One problem with things as they are is that we use QualifiedName to hold names that should just be names with namespaces. There are prefix fields in these, but code that relies on the prefix field is likely to be mistaken. So using == or even calling prefix on one of these could well be a bug. The predefined names should probably be some kind of object that does not have an unused prefix field.

Our attribute handling code works because most pre-defined attributes have no namespace at all. For qualified names with no namespace, == works, because there is only one valid prefix. The other case with only one valid prefix is attributes in the XML reserved namespaces, the ones with the prefixes xml and xmlns.

Our element handling code works because it uses calls to the matches function rather than calls to ==.

A silly thing about the matches function is that it checks == on the QualifiedName before doing the actual matches algorithm.
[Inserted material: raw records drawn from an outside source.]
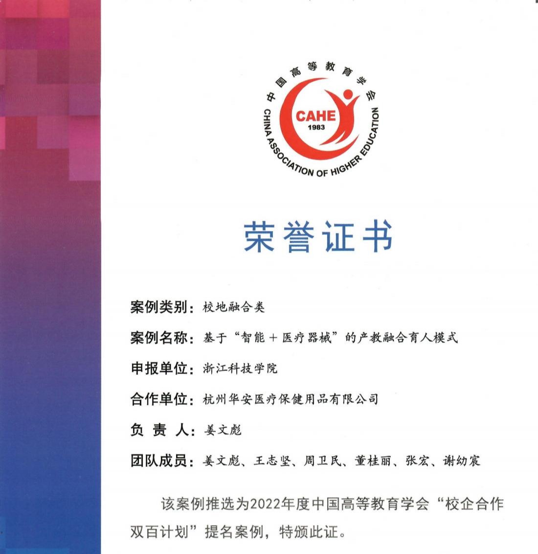 “基于‘智能+医疗器械’的产教融合育人模式”这一案例面向浙江省三大产业高地之一的生命健康产业,与杭州城西科创大走廊的创新型企业融合发展,促进人才培养、科创融汇发展、服务地方经济。项目开展两年以来,面向多专业开展校企合作,培养大量复合型的应用创新型人才;项目依托杭州城西科创大走廊,助力企业成为市、省高新技术研发中心,研发新品列入杭州市专项,企业成为浙江省专精特新企业。同时,学校作为浙江省数字化制造产教融合联盟牵头单位,依托该案例,在行业内推广“五融五链”产教融合校地合作育人模式,对促进学校后续深入开展产教融合、校企合作工作具有积极意义。(创新创业学院 董桂丽)
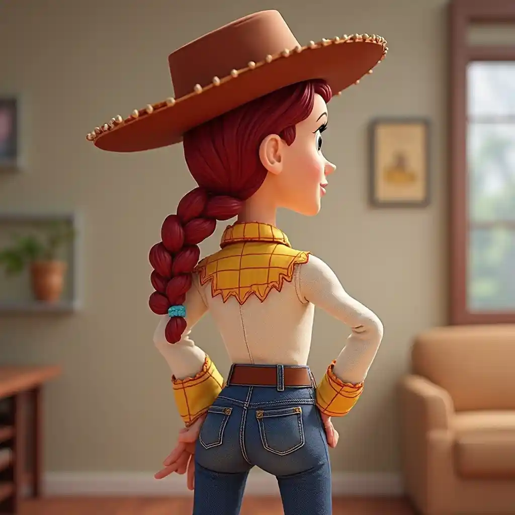 Cowgirl Jesse, aus der Spielzeuggeschichte, mit den Händen auf dem Rücken
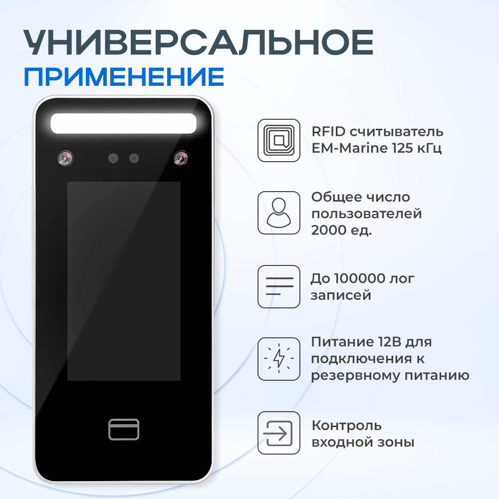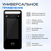 Терминал отличается от аналогов возможностью подключения к Wi-Fi сети объекта и удалённым доступом. В приложении администраторы видят историю авторизаций разными способами. Благодаря возможности хранить информацию о 2000 пользователей и экспортировать журнал посещений, устройство идеально подходит для компаний с большим числом сотрудников или посетителей, работающих в режиме 24/7.

This matches the relatively uncommon case of calling matches on two QualifiedName objects that are exactly equal, and makes the relatively common case of calling matches on two QualifiedName objects that are not equal (both non-matches and matches) slower. Seems like the wrong tradeoff.

One way to clean all of this up is to add some new classes. We could have one class to hold names with namespaces and not prefixes. Not sure the best name for that, but perhaps NameWithNamespace? Then we could have another class to hold names with one of the reserved namespaces (treating no namespace at all as one of those). NameWithReservedNamespace. Then, a constant like XMLNames::langAttr would be NameWithReservedNamespace and a constant like HTMLNames::aTag would be NameWithNamespace rather than QualifiedName.

We could define == operators that compared the relevant fields, so someone using these things at a call site would get the correct operator.

I’m not sure which of these things are real problems and which problems are worth solving.
Comment 9 Darin Adler 2012-09-11 22:12:31 PDT
I think this is not really all that great an idea.